Ingrid Bonde said on Monday she would step down as chairman of Alecta effective immediately. Six months ago, the Swedish fund ended up being one of the biggest losers in the collapse of several U.S. banks, including Silicon Valley, when she fired Chief Executive Magnus Billing. bank.

Sweden’s financial watchdog is investigating Alecta’s investments. The Financial Supervisory Authority has also been scrutinizing the fund’s decision to buy a large stake in troubled Swedish real estate group Heimstaden Bostad since last month. Alecta manages $110 billion in assets for 2.8 million savers.

“I have decided to resign because too much attention has been paid to me personally,” Bond said.

Bond is one of Sweden’s leading financial figures, where her long career includes senior positions at key regulators, debt offices and three of the largest companies.

But Alecta’s strategy of placing massive concentrated bets has come under increasing scrutiny in Sweden.

Alecta is the fourth largest shareholder of Silicon Valley Bank, the fifth largest shareholder of First Republic Bank, and the sixth largest shareholder of Signature Bank. Those investments cost the fund $2 billion.

The Swedish Financial Services Authority is investigating Alecta’s risk management and whether the fund follow the rules At that time it invested 50 billion Swedish kronor ($4.6 billion) in Heimstaden.

Alecta said it would cooperate with the supervisory authority’s investigation.

The fund is one of Heimstaden’s largest investors, holding a 38% stake. Like much of Sweden’s real estate sector, the group has been hit by a series of rapid interest rate hikes.

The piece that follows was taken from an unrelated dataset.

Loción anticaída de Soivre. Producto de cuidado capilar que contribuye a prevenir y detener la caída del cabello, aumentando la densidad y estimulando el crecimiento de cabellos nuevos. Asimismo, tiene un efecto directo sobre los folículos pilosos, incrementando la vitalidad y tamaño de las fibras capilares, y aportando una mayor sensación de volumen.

Peder Hasslev, the former head of state-owned venture capital group Saminvest, who took over as chief executive of Alecta last month, told Swedish daily Dagbladet that the pension fund should not have invested in Heimstaden at all.

Jan-Olov Jack, vice-president and chief executive of the Confederation of Swedish Enterprise, will succeed Bond until a new chairman is elected. He has been a member of the Board of Directors since 2019.

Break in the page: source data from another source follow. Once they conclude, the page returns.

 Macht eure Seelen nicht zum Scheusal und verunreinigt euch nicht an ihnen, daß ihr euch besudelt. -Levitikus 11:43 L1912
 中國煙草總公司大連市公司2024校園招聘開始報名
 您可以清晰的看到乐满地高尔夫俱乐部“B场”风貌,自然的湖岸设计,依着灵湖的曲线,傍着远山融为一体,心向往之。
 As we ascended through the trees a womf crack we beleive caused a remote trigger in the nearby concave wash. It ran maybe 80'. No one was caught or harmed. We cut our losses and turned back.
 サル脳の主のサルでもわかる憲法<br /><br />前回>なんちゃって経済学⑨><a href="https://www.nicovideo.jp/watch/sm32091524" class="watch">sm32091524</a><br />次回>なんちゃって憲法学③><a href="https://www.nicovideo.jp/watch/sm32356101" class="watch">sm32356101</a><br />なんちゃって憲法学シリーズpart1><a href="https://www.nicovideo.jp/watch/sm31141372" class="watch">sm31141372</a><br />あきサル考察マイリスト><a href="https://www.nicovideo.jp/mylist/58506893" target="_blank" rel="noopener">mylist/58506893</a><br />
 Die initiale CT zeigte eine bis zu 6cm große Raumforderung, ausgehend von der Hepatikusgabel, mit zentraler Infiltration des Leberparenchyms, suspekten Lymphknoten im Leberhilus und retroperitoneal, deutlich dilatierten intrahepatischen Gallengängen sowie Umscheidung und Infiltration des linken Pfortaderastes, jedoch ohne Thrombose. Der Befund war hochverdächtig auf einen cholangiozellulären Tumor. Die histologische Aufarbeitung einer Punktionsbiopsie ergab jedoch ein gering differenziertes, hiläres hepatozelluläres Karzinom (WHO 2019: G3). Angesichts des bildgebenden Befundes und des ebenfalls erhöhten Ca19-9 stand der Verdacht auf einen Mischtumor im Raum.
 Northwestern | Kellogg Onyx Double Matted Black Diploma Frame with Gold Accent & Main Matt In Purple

“Alecta’s focus or direction will not change because Ingrid Bonde chooses to resign,” said Jacke and Martin Linder, another vice chairman of the board.

Alecta is working on its model of clustering a few large investments, which worked well before turmoil swept through the banking sector in the first quarter of this year.

Just before the crisis hit, the fund boasted to local media how it had sold Sweden’s most conservative bank to invest in niche banks in the United States.